Bovendien komt in Nederland de verdergaande robotisering om de hoek kijken. Goed voorbeeld is de zelfrijdende auto, die een last zal zijn voor de taxi- en transportindustrie. Veel beroepen waarvoor ‘lagere’ vaardigheden zijn benodigd, zullen worden overgenomen. Dat terwijl juist de nieuwkomers daar hun aansluiting vinden bij de Nederlandse kerneigenschappen omdat zij vaak niet direct de hooggekwalificeerde beroepen aankunnen. Daar vindt de communicatie van de Nederlandse waarden plaats, daar vindt de integratie plaats. Maar met die zich snel ontwikkelende hightecheconomie is het de vraag of een nieuwe grote toestroom nog werkelijk gaat worden geïntegreerd.

Daar komt de wisseling van politici binnen een democratie weer om de hoek kijken.
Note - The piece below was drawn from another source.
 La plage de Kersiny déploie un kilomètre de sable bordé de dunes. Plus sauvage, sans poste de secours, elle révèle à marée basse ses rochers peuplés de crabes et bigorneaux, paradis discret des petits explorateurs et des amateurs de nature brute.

Die willen telkens weer de morele kaart trekken en daarmee de deugdzame rol innemen, dat zonder naar de voorgaande toelating te hebben gekeken. De rekening wordt doorgeschoven naar de volgende generatie Nederlanders. Zijzelf hoeven zich er geen opoffering voor  te getroosten. Zij zijn immers niet degenen die in de veranderende wijken wonen, of de banen hebben die de omgangsvormen moeten communiceren.
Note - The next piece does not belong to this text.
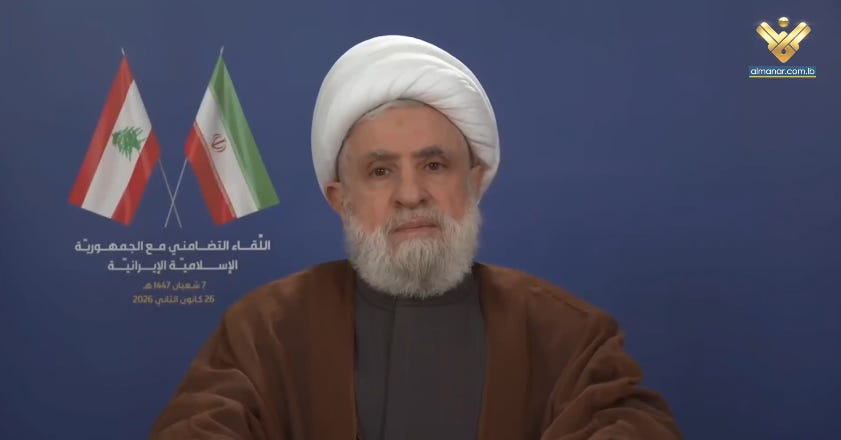 Sheikh Qassem memperingatkan bahwa Iran, Lebanon, Gaza, dan Suriah merupakan medan-medan dalam satu proyek kolonial AS–Israel yang sama, yang bertujuan menghancurkan perlawanan di seluruh kawasan.

Maar hoe moreel is die toelating. De problemen in de landen van herkomst worden niet opgelost als de EU meer mensen opneemt. Sterker, zij worden verergerd. Door een braindrain zijn die landen niet meer in staat zich op eigen kracht te ontwikkelen. Maar goed, vanuit koloniaal schuldgevoel en een morele beloning wordt ermee doorgegaan. Zelf ingrijpen in die landen wordt vanuit datzelfde verleden te gevoelig geacht. Dan is dit het beleid, ondanks dat het de problemen daar niet oplost. Over die harde realiteit wordt gezwegen, maar wanneer die diagnose niet snel wordt gesteld zal dat in de toekomst veel kopzorgen opleveren.

Grensdenken

Niet eerder in de geschiedenis is het voorgekomen dat er zulke sterk drukkende internationale tendensen zijn die stuk voor stuk drukken op die unieke kernsamenstelling. Hoewel elk ‘an sich’ als constructief ideaal is begonnen, is het de vraag of het met de vermenigvuldiging en combinatie van deze tendensen niet amoreel wordt, in de zin dat het de Nederlandse kernsamenstelling vervaagt. Wie wijst naar historische voorbeelden waarbij deze ontwikkelingen wel slaagden, haalt geen realistisch voorbeeld aan dat toepasbaar is op het heden. De verhoudingen zijn veel groter, plus de ontwikkelingen komen nu tegelijkertijd. In de Tweede Kamer is wel eens gezegd dat elk genezingsproces begint bij de juiste diagnose. De diagnose is de waarde van de grens te onderkennen. Dat is niet per se een fysieke grens, maar een begrenzing in de aantasting van die kernsamenstelling van geschiedenis, taal en waarden. De elementen die Nederland groot hebben gemaakt. De grensbepaling zou daarom hardop bediscussieerd moeten worden, zonder de vrees voor een vorm van sociaal ostracisme.